= Build Finance DAO =

The Build Finance DAO was a decentralized autonomous organization (DAO), a venture based on blockchain technology. It was the subject of a 2022 hostile takeover by a member who amassed enough votes to pass a motion that allowed them to liquidate the DAO's cryptocurrency holdings and flood the market with new tokens.

== History ==
Build Finance DAO was formed around September 2020. It was described as a "decentralized venture builder", designed around its BUILD token, that would fund new ventures. The ventures funded by the DAO would adopt the BUILD token, helping popularize it. As a DAO with token-based membership its decisions would be based on voting power.

== Takeover ==
In February 2022 a user amassed enough tokens to take over control of the DAO. The user then made a governance proposal which would allow it to issue new tokens, which initially failed but succeeded on the second attempt.

The success of the proposal left the other members of the Build Finance DAO without any control of the governance of the DAO. The user then took a number of steps to liquidate the DAO's holdings and issued over 1 billion new BUILD tokens.
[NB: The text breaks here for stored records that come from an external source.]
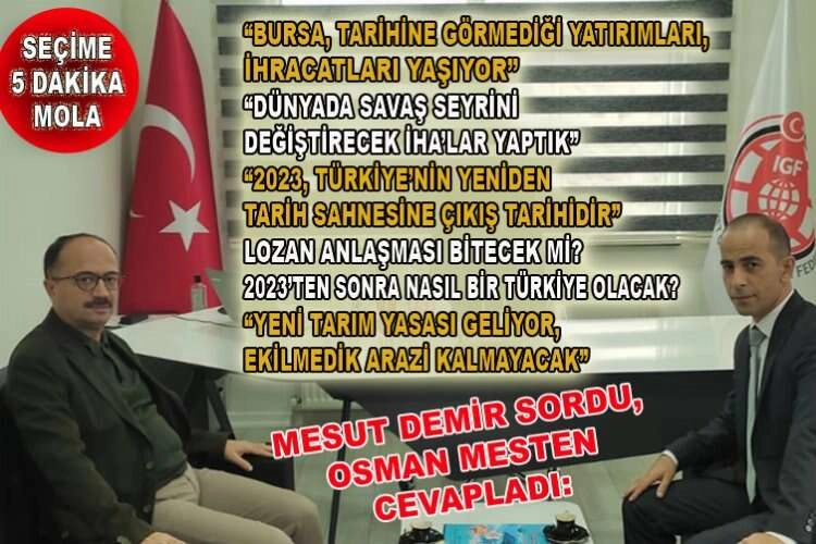 BURSA (İGFA) - Gazeteci yazar Mesut Demir, TBMM Anayasa Komisyonu Üyesi, AK Parti Bursa Milletvekili Av. Osman Mesten ile “Seçime 5 Dakika Mola” söyleşisi gerçekleştirdi.
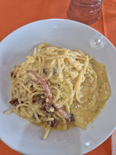 Location: interni molto, forse troppo arancioni, da appuntare anche i numerosi quadretti raffiguranti santi e divinità che hanno il magico potere di farti sentire in colpa per il tuo non andare in chiesa da circa sette anni. L'esterno offre una deliziosa vista su un fantastico distributore di benzina e, se non c'è nebbia, possiamo scorgere addirittura un decathlon. La posizione non è delle più centrali, è collocato nella periferia di Vercelli, sopra un negozio di animali, fattore che purtroppo penalizza molto la pizzeria. In totale assegno alle location un bel 2/5. Servizio: impeccabile! Appena entrati ci è stato assegnato un tavolo, ma vista la nostra passione per Re Artù, abbiamo richiesto un tavolo rotondo. I nostri desideri sono stati esauditi immediatamente senza nessuna lamentela. Da sottolineare anche il servizio di raccolta e sostituzione di posate, che definire istantaneo sarebbe a dir poco riduttivo. In totale quindi regalo a questa categoria un bel 5/5! Menù: abbiamo ordinato tre pizze e una focaccia e sono risultate tutte e quattro buone! Nulla da appuntare, forse la 4 formaggi assomigliava un po' a una zuppa, ma era lo stesso una pietanza squisita! In totale quindi do un 4/5. Conto: abbiamo speso 10 euro a testa, quindi reputo i prezzi del locale molto validi e gli conferisco un bel 5/5! In totale quindi reputo questo ristorante/pizzaria altamente promosso con una media di quattro su cinque! Da Alexandra borghese è tutto ci vediamo al prossimo episodio di...
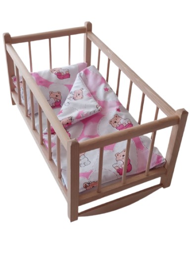 DREWNIANA KOŁYSKA Z KOMPLETEM POŚCIELI (3 elementy)

Their activities generated a gain of about 160 ETH, or about US$470,000, which were laundered through coin tumblers preventing identification of the user.

== Aftermath ==
Attempts to convince the user to return the funds were unsuccessful.

The Build Finance hostile takeover has been described as a rare example of a "rug pull" which was not initiated by insiders, and an illustration of the risks of majority-based voting on decentralized finance projects, and of the need to anticipate risks and attack vectors in designing DAOs. One author suggested it highlights a need for quorum requirements.